Logo Questions Linux Laravel Mysql Ubuntu Git Menu
 

Best way to merge multiple STL containers, removing duplicate elements?

Tags:

c++

stl

I have two STL containers that I want to merge, removing any elements that appear more than once. For example:

typedef std::list<int> container;
container c1;
container c2;

c1.push_back(1);
c1.push_back(2);
c1.push_back(3);

c2.push_back(2);
c2.push_back(3);
c2.push_back(4);

container c3 = unique_merge(c1, c2);
// c3 now contains the following 4 elements:
//   1, 2, 3, 4

std::unique seems to be for adjacent elements only, and in my case the containers could be in any order.

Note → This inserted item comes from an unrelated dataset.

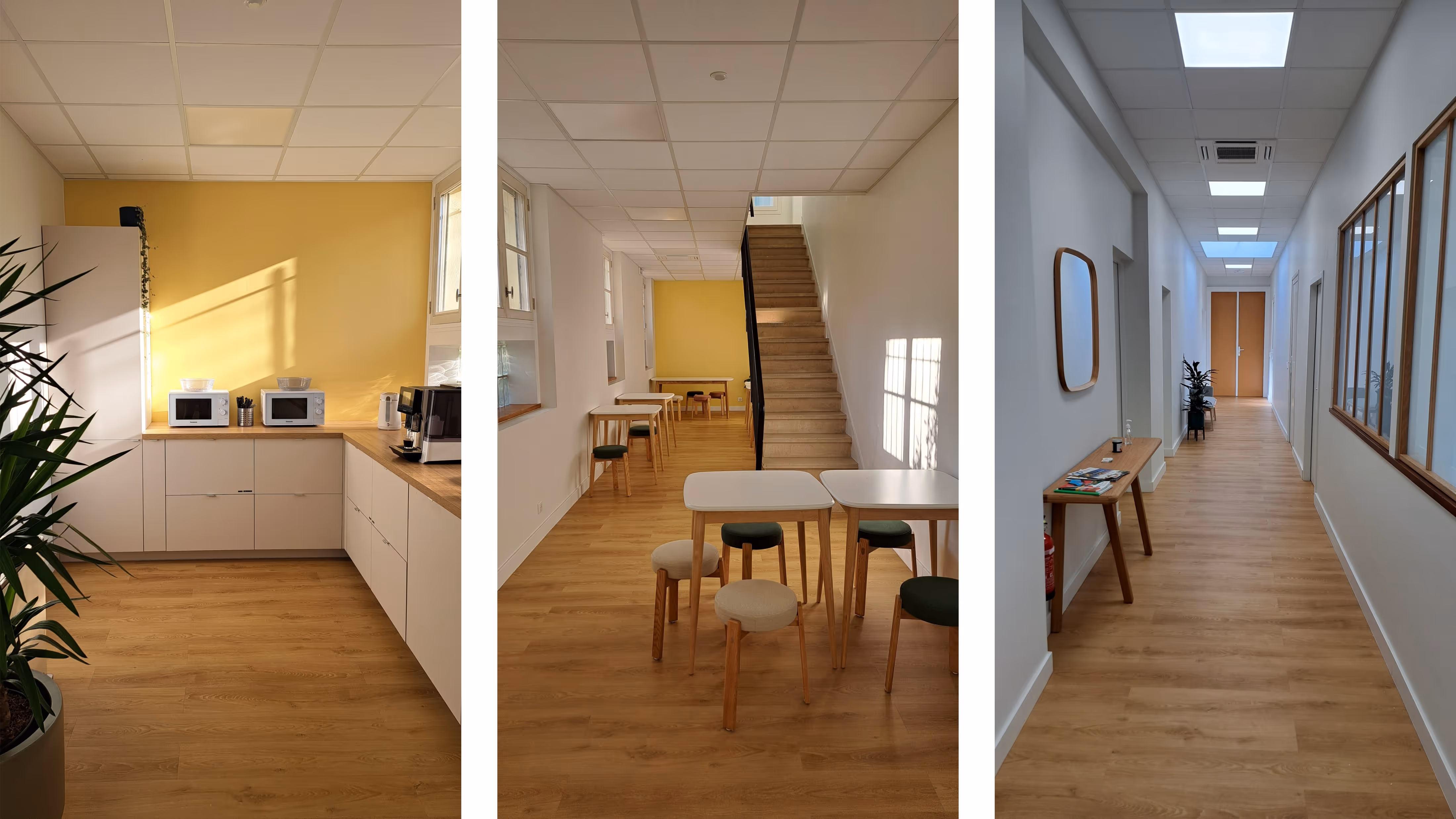 Un espace de bureaux partagés chaleureux et convivial au centre de la ville de Pessac.

I could do some std::set trickery I guess:

container unique_merge(const container& c1, const container& c2)
{
    std::set<container::value_type> s;
    BOOST_FOREACH(const container::value_type& val, c1)
        s.insert(val);
    BOOST_FOREACH(const container::value_type& val, c2)
        s.insert(val);
    return container(s.begin(), s.end());
}

Is there a better way or have I missed something bleeding obvious?

like image 592
Rob Avatar asked Nov 11 '08 15:11

Rob


2 Answers

You are going to need to either sort (either explicitly, or implicitly via a sorted container like set).

There is a common idiom using std::sort/std::unique/std::erase to get unique elements in a container.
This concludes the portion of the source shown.